_Provided entries_.
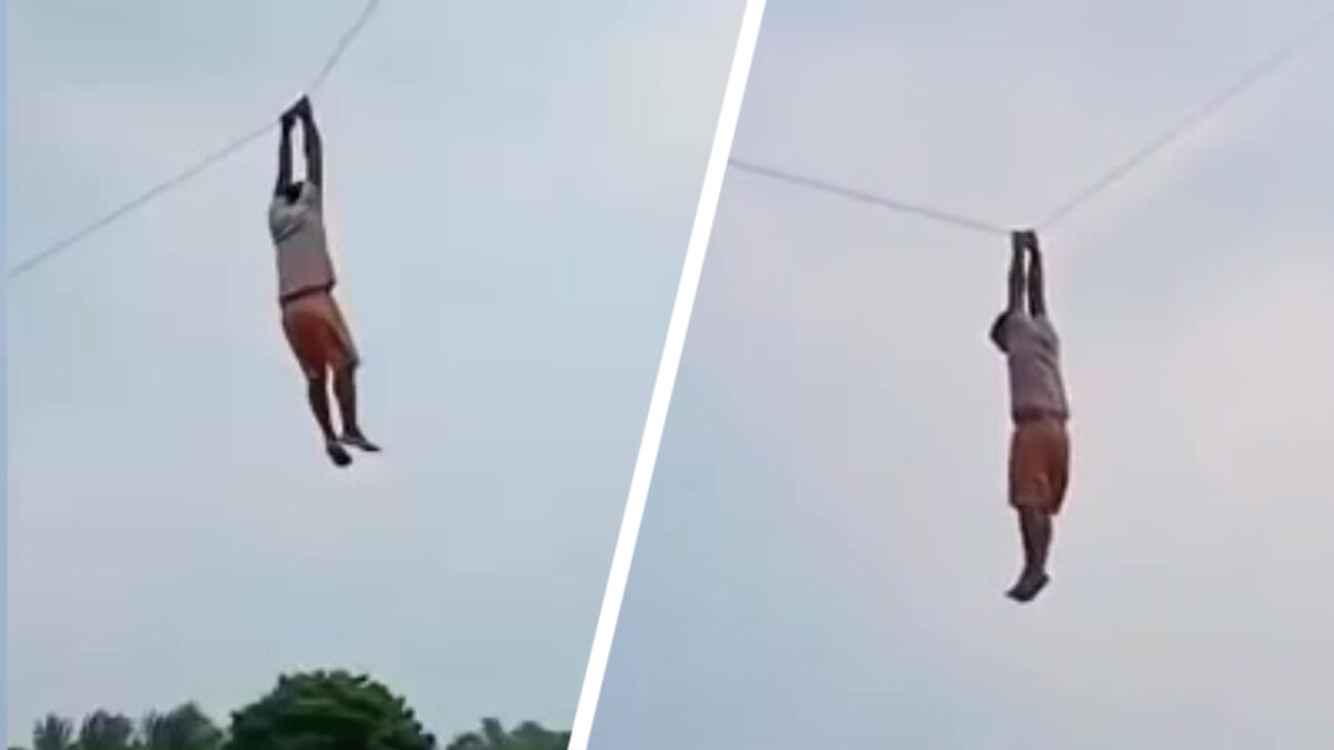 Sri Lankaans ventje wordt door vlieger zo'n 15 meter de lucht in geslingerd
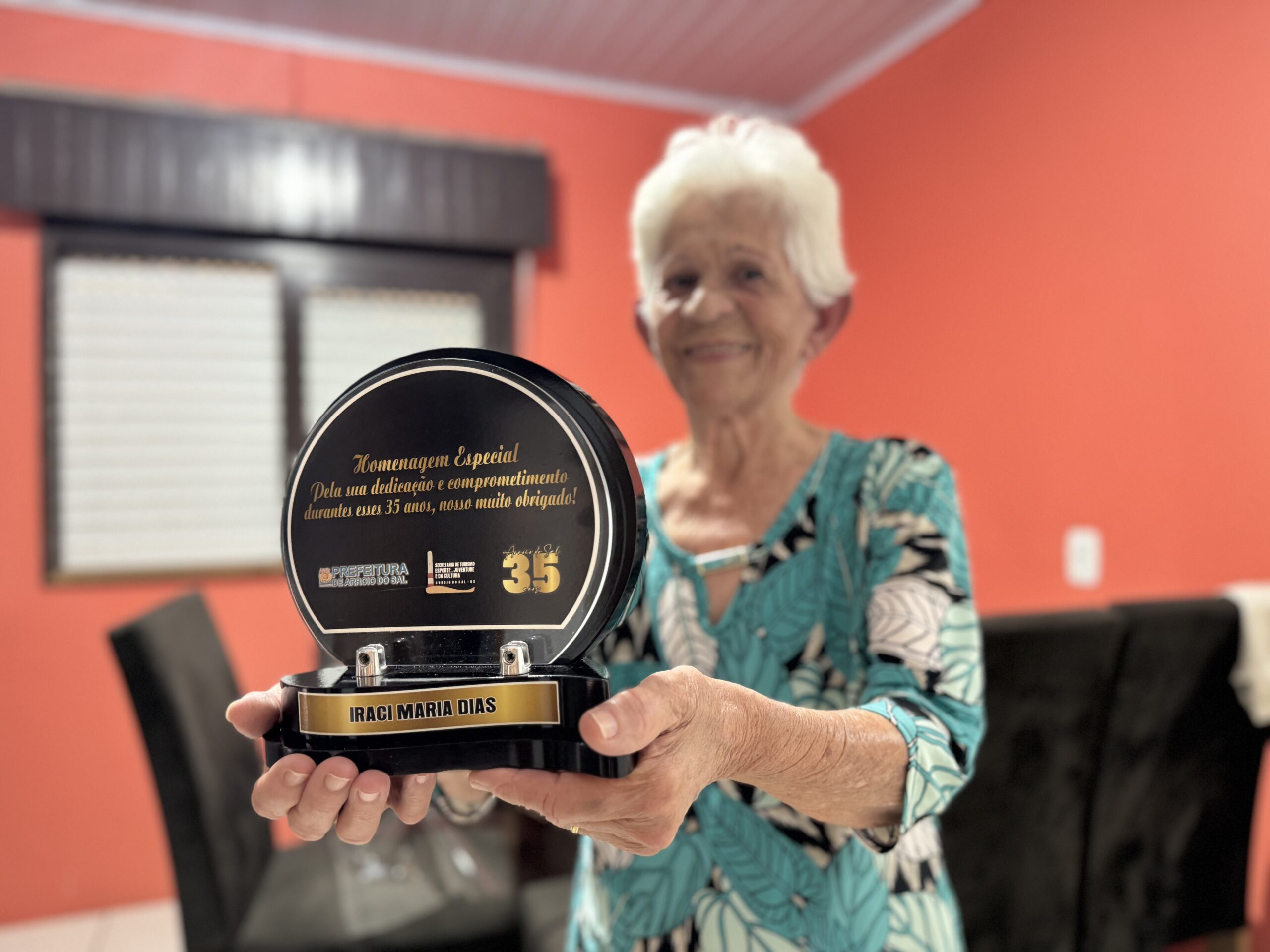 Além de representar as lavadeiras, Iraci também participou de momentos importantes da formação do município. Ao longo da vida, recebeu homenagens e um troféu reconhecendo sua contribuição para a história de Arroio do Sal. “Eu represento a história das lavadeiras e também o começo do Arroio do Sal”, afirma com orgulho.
* * *
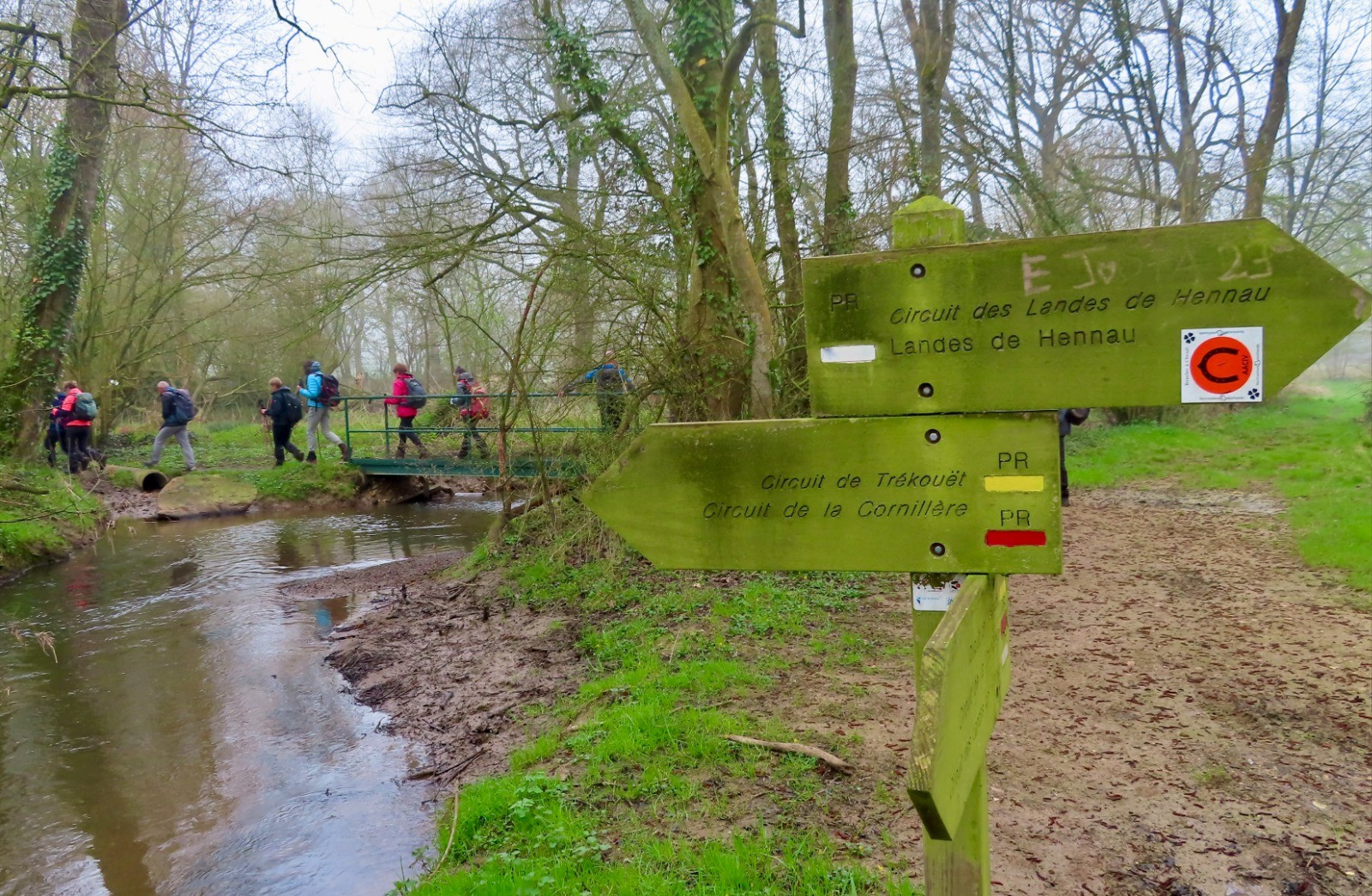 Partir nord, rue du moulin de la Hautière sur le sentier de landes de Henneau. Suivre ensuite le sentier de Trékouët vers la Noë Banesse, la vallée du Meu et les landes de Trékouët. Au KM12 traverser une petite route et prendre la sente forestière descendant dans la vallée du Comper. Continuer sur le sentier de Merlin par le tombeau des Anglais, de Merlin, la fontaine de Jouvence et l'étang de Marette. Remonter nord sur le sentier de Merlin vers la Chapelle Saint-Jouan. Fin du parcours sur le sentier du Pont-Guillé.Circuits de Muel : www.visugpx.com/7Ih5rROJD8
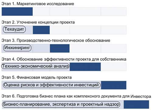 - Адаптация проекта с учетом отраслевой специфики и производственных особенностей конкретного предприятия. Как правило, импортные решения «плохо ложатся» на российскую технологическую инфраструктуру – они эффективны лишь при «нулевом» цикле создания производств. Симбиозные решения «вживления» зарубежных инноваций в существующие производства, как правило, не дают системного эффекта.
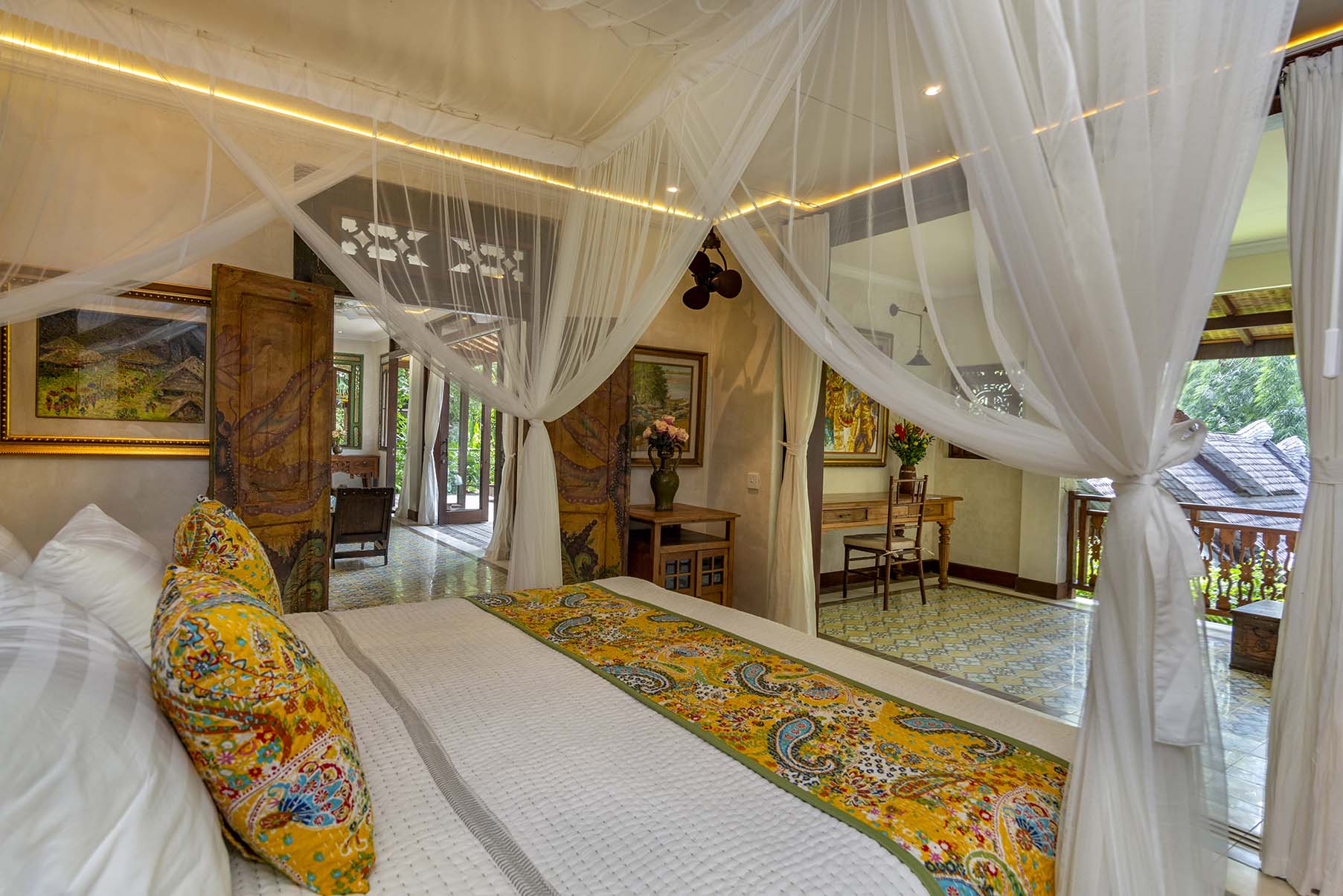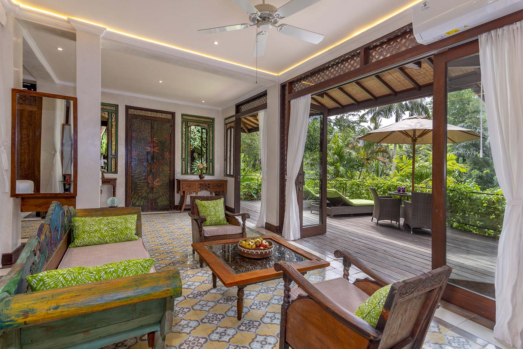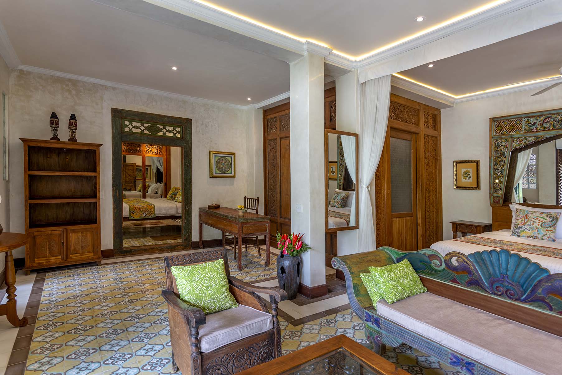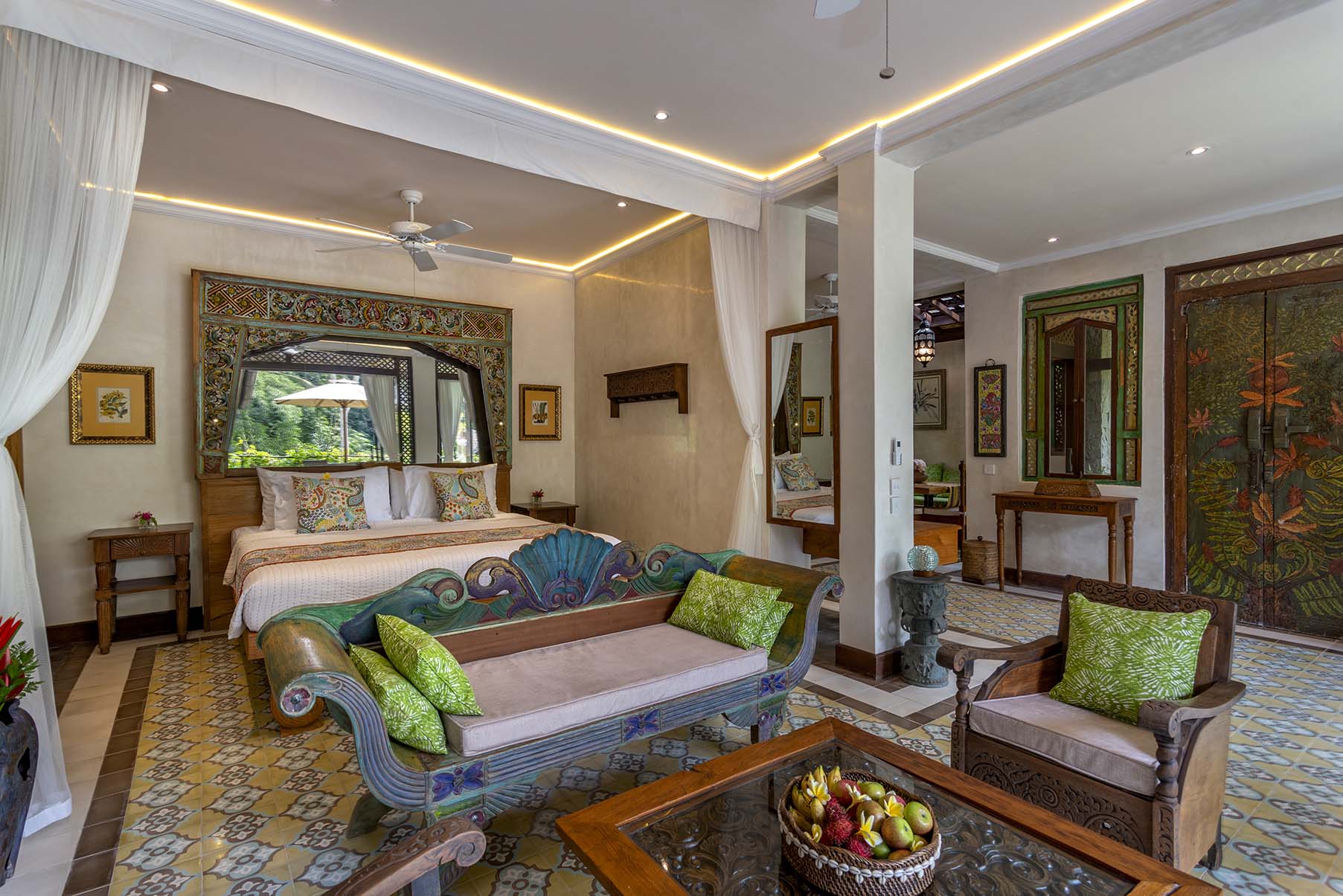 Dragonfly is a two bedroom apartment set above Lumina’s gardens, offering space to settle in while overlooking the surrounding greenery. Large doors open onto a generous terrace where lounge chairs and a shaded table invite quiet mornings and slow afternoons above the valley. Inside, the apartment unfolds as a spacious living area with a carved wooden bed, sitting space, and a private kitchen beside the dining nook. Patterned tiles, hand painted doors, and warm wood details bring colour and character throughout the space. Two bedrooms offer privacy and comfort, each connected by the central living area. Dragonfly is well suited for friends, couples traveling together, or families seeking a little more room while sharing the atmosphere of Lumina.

_Task prompt_. Starting from the line with "- Адаптация проекта" in the records above, repeat each line exactly until you have written the line with "Dragonfly is a", then stop; drop the pictures.

_Exercise response_.
 - Адаптация проекта с учетом отраслевой специфики и производственных особенностей конкретного предприятия. Как правило, импортные решения «плохо ложатся» на российскую технологическую инфраструктуру – они эффективны лишь при «нулевом» цикле создания производств. Симбиозные решения «вживления» зарубежных инноваций в существующие производства, как правило, не дают системного эффекта.
 Dragonfly is a two bedroom apartment set above Lumina’s gardens, offering space to settle in while overlooking the surrounding greenery. Large doors open onto a generous terrace where lounge chairs and a shaded table invite quiet mornings and slow afternoons above the valley. Inside, the apartment unfolds as a spacious living area with a carved wooden bed, sitting space, and a private kitchen beside the dining nook. Patterned tiles, hand painted doors, and warm wood details bring colour and character throughout the space. Two bedrooms offer privacy and comfort, each connected by the central living area. Dragonfly is well suited for friends, couples traveling together, or families seeking a little more room while sharing the atmosphere of Lumina.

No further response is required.